** Information shown follows **
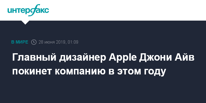 Москва. 28 июня. INTERFAX.RU - Главный дизайнер американской компании Apple Джонатан Айв покинет ее в течение 2019 года, сообщает в четверг газета Financial Times.
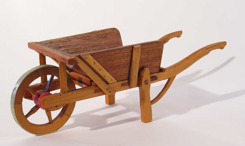 Kruiwagen van hout, miniatuur, vervaardigd door Hein...
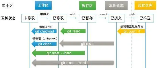 这是Git,独特之处和优势之处,也是很多初学者迷惑指出,尤其拿之前使用SVN的人无法理解的。Git的四个区(工作区、暂存区、本地仓库区和远程仓库区),五个状态转化流程如下:
** End of Information shown **
Each line of the data should be quoted exactly, with pictures left out.

▸ Solution for this problem:
 Москва. 28 июня. INTERFAX.RU - Главный дизайнер американской компании Apple Джонатан Айв покинет ее в течение 2019 года, сообщает в четверг газета Financial Times.
 Kruiwagen van hout, miniatuur, vervaardigd door Hein...
 这是Git,独特之处和优势之处,也是很多初学者迷惑指出,尤其拿之前使用SVN的人无法理解的。Git的四个区(工作区、暂存区、本地仓库区和远程仓库区),五个状态转化流程如下:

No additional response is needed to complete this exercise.